20 de fev. de 2010

'Mulheres' - parte 02

ESSA MULHER QUE EU NÃO SEI QUEM

Por Claudio Parreira

RÁPIDO ASSIM: eu vi a mulher, ela se percebeu sendo vista, entrou no espelho e desapareceu.

Apaguei o cigarro antigo com as botas mais antigas ainda e fui atrás. O espelho permitiu a minha entrada sem perguntas. Os espelhos, afinal, nunca perguntam.

Chovia peixes quando botei os pés pela primeira vez naquela terra escura. Uma única luzinha acesa lá longe. Uma casa, talvez um olho. E nada da mulher.

Essa coisa dos peixes caindo do céu não é milagre porra nenhuma: dói pra cacete. E incomoda. A muito custo avancei alguns metros, sempre tirando os peixes do caminho, protegendo a cabeça dos peixes maiores, as botas esmagando os peixinhos. Mas a mulher, encontrá-la, é claro que sim. Com peixes e tudo.

A grande boca escura do céu soprando espinhos no meu rosto. Soubesse das dificuldades, teria ficado na minha. Ou não, porque o que interessa mesmo é a aventura, e uma mulher que se deixa escapar por um espelho não é sempre que.

A terra molhada de peixes, a luz brilhando ao longe. Os meus passos. O coração saltando aos solavancos. O nome disso é dor. E sem essa de pensar que a dor nos torna mais fortes. Isso é conversa de almanaque. A dor nos torna mais doloridos.

Avanço, portanto, de dor em dor, a alma dolorida. Ao desaparecer pelo espelho a mulher deixou uma mensagem bem clara atrás de si: não me acompanhe. Mas eu não tenho mais nada a perder, já perdi. De tal maneira que li o não me acompanhe com as letras do vem meu amor. Eu, que apesar de tudo ainda procuro o amor.

E é esse amor-peixe que me golpeia a cabeça, que me encharca a roupa de escuridão, o amor é essa luz que sei ao longe mas nunca alcanço.

Um caminho é feito de todos os outros caminhos: esquerda direita em frente tanto faz. O caminho é aquilo que se apanha pelo caminho: uma rosa, um sentimento, um monstro.

Porque assim, enfim livre de uma vez por todas dos peixes e das dúvidas, fui em frente, o açoite dos espinhos cedendo lugar ao afago de mãos invisíveis.
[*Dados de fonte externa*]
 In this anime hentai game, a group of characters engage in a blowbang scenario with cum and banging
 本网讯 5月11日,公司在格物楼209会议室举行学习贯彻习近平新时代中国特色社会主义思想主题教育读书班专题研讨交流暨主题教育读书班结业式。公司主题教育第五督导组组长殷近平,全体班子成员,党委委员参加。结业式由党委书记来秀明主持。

A mulher, sim, estava lá em algum lugar. Cheia de poesia e facas, a boca pronta para o beijo ou mordida. A mim só restava conferir. Fixar a cara do amor diante da minha, respirar o seu bafo, provar a sua cor. Porque ainda acredito, talvez minha única crença, essa, no amor. Agarrar o amor pelos ombros sacudi-lo até enchê-lo de pavor de mim; abrir os seus olhos para mim. Sim, eu existo! — gritaria para o amor, que tem me ignorado desde sempre.
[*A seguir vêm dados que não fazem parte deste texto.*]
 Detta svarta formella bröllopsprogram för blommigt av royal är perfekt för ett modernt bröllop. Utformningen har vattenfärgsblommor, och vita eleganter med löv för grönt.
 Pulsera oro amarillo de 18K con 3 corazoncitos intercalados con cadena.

E de repente o amor nada mais é que essa mulher que eu não sei quem, que entra pelos espelhos como quem respira, que flutua entre a chuva de peixes.

Uma mulher que me escapa. Subitamente percebo que encontrá-la, alcançá-la, seria a chave de todos os mistérios, a resposta das respostas. E também o fim, porque sem mais nada a esclarecer, pra quê?

Parado no meio do caminho, a luz ao longe, um olho?, os peixes voltam a cair do céu com redobrada dedicação. Voltar pelo mesmo espelho não é uma alternativa, é covardia; permanecer aqui sob a chuva de cardumes inteiros é burrice. O quê, então? As dúvidas do amor, sempre.